Western Liberty offered its investors the option of getting their money back when it asked them to remove the deadline and make the company perpetual.

After returning $211 million, the company now has $105 million to invest in its target bank, according to a filing with the Securities and Exchange Commission.

Blank-check companies, also known as special-purpose acquisition companies, rarely succeed in doing a bank deal. Community Bankers Acquisition Corp.'s June 2008 takeover of two Virginia banks is believed to be the only example of a completed transaction.

Such companies, which are set up to do an acquisition in any industry, typically have a two-year deadline to buy something, before they must return all of the money to investors.

The $4 billion-asset Frontier Financial Corp. in Everett, Wash., had a deal with SP Acquisition Holdings Inc., a New York blank-check company, that fell apart last month, when they could not get regulatory approval by SP's Oct. 10 deadline.

SP has since dissolved itself.

Charles "Stormy" Greef, a managing partner at the law firm Hunton & Williams LLP in Dallas, said he is surprised that investors in a blank-check company would agree to remove the deadline.

"That is sort of inconsistent with the general concept of a SPAC," he said. "Your money is tied up in perpetuity there."

Greef said one of the reasons for the deadline is that investors usually want the option to do something else with their money at some point. An investor may choose to invest with a group because they believe there is an opportunity in a particular segment but over a period of time the economy changes and the opportunities may pass.

Stephen Skaggs, the president of Bank Advisory Group, an investment bank in Austin, said he would be skeptical of giving so much control to management with no restrictions.

"It seems to me there ought to be some deadline," Skaggs said. "I wouldn't be too enthused about it unless I knew the organizers and the organizers' intentions."

James Rockett, who co-heads the financial institutions corporate and regulatory group at Bingham McCutchen in San Francisco, said having a deal pending likely gave the Western Liberty shareholders the confidence to dissolve the deadline.

"It is going to be a lot easier to convince people to extend when there is a tangible transaction available," he said.

Service 1st is Western Liberty's third try at an acquisition.

In July it announced two deals simultaneously, neither one still in the works. Its deal to acquire the Nevada branches of the $25 billion-asset Colonial Bank in Montgomery, Ala., ended when regulators seized the bank and sold it to BB&T Corp. in Winston-Salem, N.C. Colonial had agreed to sell 21 branches, $441 million of loans and $492 million of deposits to Western Liberty.

At the time, Western Liberty, which needed a bank charter to complete the branch deal, also had agreed to buy the $45 million-asset 1st Commerce Bank in North Las Vegas, a subsidiary of the struggling, $5.3 billion-asset Capitol Bancorp Ltd. in Lansing, Mich.
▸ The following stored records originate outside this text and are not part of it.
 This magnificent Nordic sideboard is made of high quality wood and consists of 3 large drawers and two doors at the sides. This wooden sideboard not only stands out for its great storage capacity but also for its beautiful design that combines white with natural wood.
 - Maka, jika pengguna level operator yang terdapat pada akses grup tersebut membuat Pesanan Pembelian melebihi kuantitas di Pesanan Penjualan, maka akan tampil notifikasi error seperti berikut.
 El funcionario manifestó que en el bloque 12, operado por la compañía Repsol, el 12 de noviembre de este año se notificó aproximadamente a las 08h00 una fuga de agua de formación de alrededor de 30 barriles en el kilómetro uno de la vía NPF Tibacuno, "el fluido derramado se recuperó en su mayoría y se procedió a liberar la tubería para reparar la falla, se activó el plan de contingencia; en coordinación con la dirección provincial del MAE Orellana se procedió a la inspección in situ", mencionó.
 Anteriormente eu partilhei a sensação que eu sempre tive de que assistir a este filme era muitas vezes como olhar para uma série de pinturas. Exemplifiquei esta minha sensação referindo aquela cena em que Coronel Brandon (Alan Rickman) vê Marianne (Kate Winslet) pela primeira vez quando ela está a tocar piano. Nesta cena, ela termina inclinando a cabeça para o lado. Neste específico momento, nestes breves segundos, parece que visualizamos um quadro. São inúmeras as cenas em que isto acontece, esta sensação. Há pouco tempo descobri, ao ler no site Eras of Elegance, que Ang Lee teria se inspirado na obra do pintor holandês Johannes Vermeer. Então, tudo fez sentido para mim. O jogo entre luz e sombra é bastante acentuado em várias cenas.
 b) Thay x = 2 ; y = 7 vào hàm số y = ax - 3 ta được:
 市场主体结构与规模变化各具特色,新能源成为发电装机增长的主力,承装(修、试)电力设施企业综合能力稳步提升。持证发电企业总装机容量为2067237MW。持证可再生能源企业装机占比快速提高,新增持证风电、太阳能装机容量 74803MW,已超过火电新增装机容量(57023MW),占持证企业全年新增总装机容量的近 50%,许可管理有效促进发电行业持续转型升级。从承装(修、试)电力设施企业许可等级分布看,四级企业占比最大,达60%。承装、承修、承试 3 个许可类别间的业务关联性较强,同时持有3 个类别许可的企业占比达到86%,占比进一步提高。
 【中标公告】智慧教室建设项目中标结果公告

That deal was terminated last week, even though Western Liberty shareholders had approved it.

Mike Moran, Capitol's chief of capital markets, said the deal was called off because it no longer made sense for Western Liberty.

"They wanted to build in Nevada, and 1st Commerce was planned to be a part of the branch purchase," he said. "Without that deal, the reason for our deal ceased to exist."
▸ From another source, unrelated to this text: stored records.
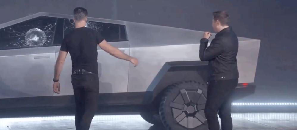 有评论调侃称“Cybertruck可以承受大锤和子弹,但是不能承受近距离投掷的铁球”。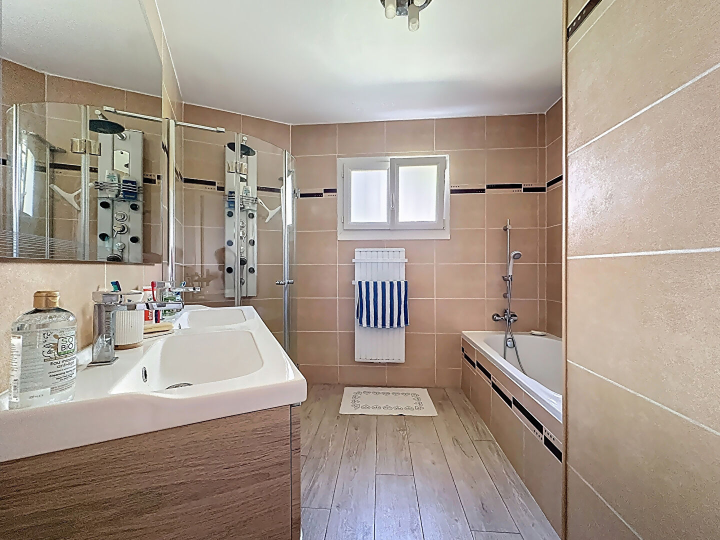 Côté nuit, 3 belles chambres, placards une salle de bain complète avec douche ainsi que des toilettes séparées avec lave-mains .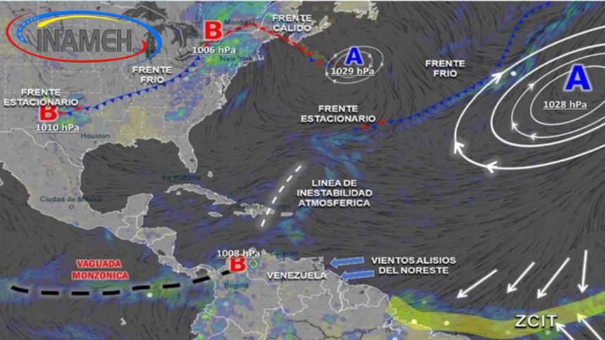 La actividad de la vaguada monzónica en Venezuela es un factor clave en la precipitación durante este período de lluvias. Vaguada monzónica/Zona de Convergencia Intertropical sobre el territorio nacional.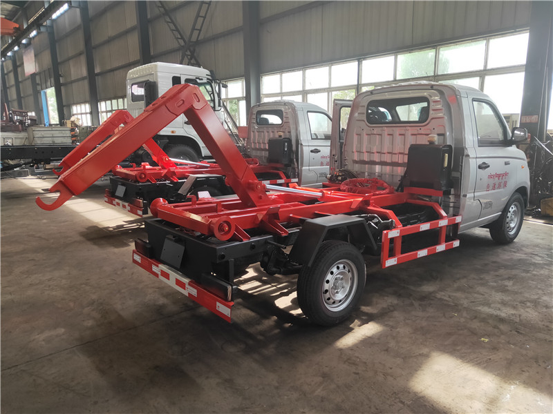 勾臂垃圾車【車廂可卸式垃圾車】車體和垃圾箱可完全分離,由液壓系統(tǒng)來完成收箱/放箱,在平日里可將車載垃圾箱放置到各個(gè)垃圾收集點(diǎn),待垃圾收集滿后,該車可直接開赴收集點(diǎn),通過液壓系統(tǒng)的操控,可將垃圾車后座上加裝的勾臂放下,掛住站內(nèi)箱體前端的連接點(diǎn),將垃圾箱拉**車體的后座上,此時(shí)即可開動(dòng)車輛,將垃圾運(yùn)送垃圾處理站內(nèi),進(jìn)行自卸式傾倒,優(yōu)點(diǎn)就是可一車配多斗,一輛車就可以維持?jǐn)?shù)個(gè)垃圾收集站的運(yùn)轉(zhuǎn),效率高,且箱體為密封式設(shè)計(jì),不會(huì)造成二次污染。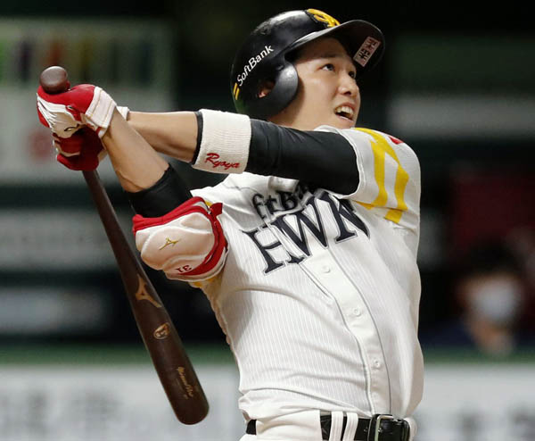 8月28日の日本ハム戦で自身初の2本塁打を記録したソフトバンク・栗原(C)共同通信社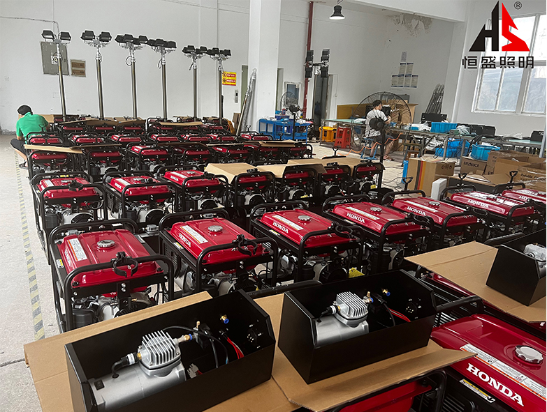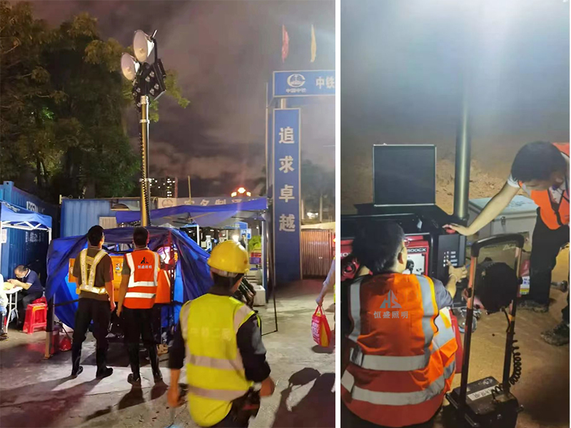 移動照明燈組又叫全方位自動升降泛光工作燈、多功能升降照明燈塔或者自發電式移動照明燈組等,采用模塊化設計,由高速移動底盤、靜音機組、高強度升降桿和照明燈組成,高效能LED兩支或四支燈頭交錯照射,360度全景照明,可高達幾萬流明的強光,推車式發電機組、超長使用時間;專用防護箱可防止水分、粉塵、溫度及撞擊等給儀器設備帶來的破壞,功能強大的應急、救援、照明產品。下面恒盛照明帶大家詳細了解升降式移動照明燈組。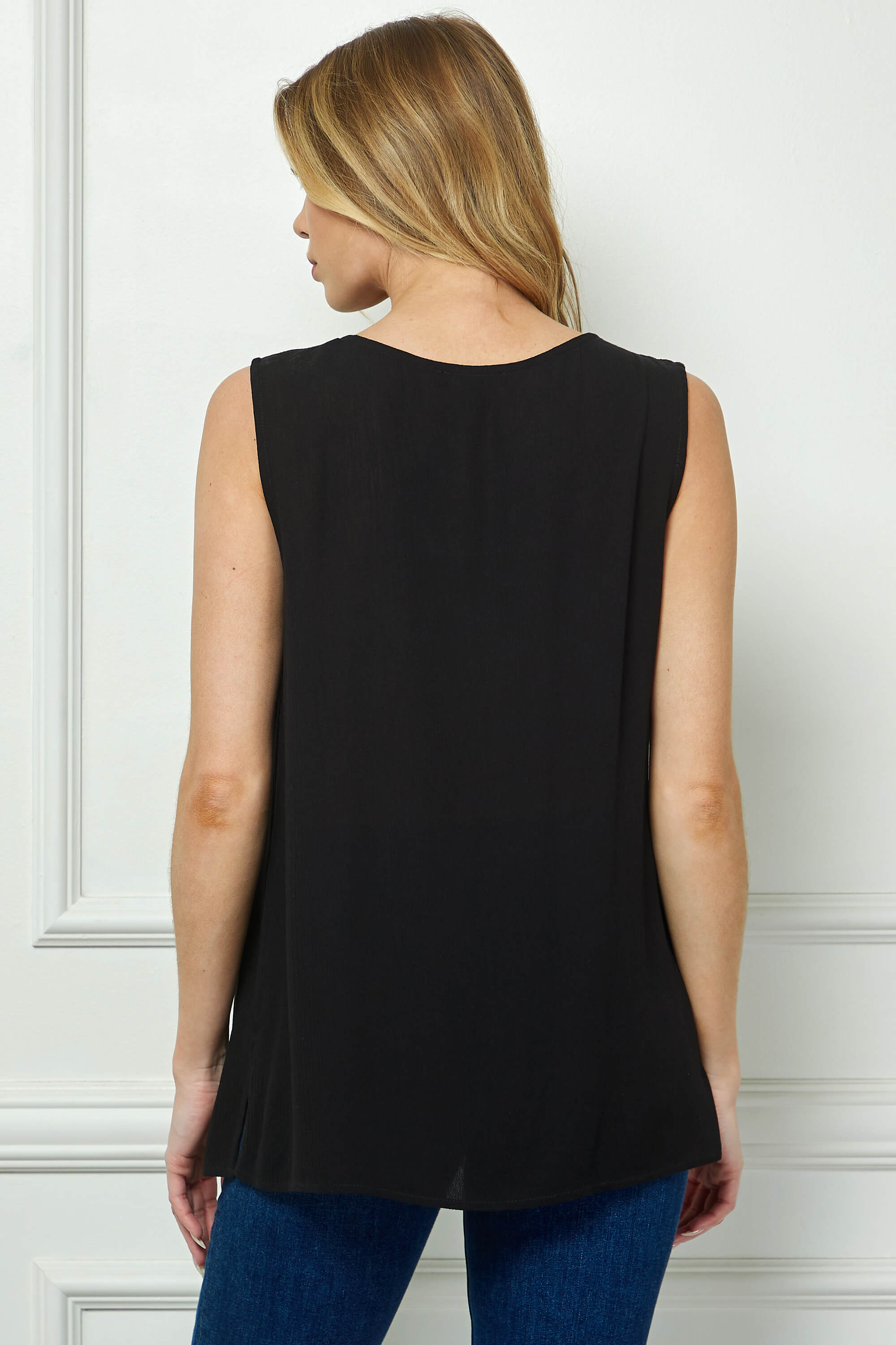 Sleeveless Embroidered Yoke Split Neck Blouse in Black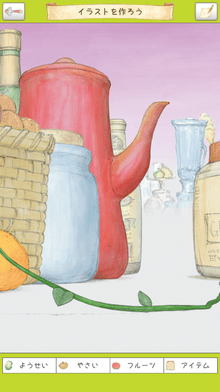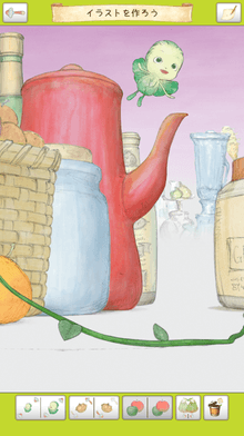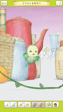 見付けたアイテムはコレクションされ、コレクションしたアイテムとステージ背景を利用してオリジナルのイラストを作ることができます。

Moran said no regulatory issues had held up the deal.

Calls to Western Liberty, which is run by Hayground Cove Asset Management LLC in New York, were not returned. William A. Martin, Service1st's chief executive, declined to comment.

After being jilted by its blank-check company, Frontier said it would resume looking for an investor to beef up its capital levels.

Frontier said it had received a lot of interest from investors after it had signed the deal with SP Acquisition and felt optimistic about securing a new deal for a capital infusion.

The company, which is operating under a regulatory agreement, reported a $141 million loss for the third quarter. At Sept. 30 the total risk-based capital ratio for its bank unit was 5.35%, which regulators consider significantly undercapitalized.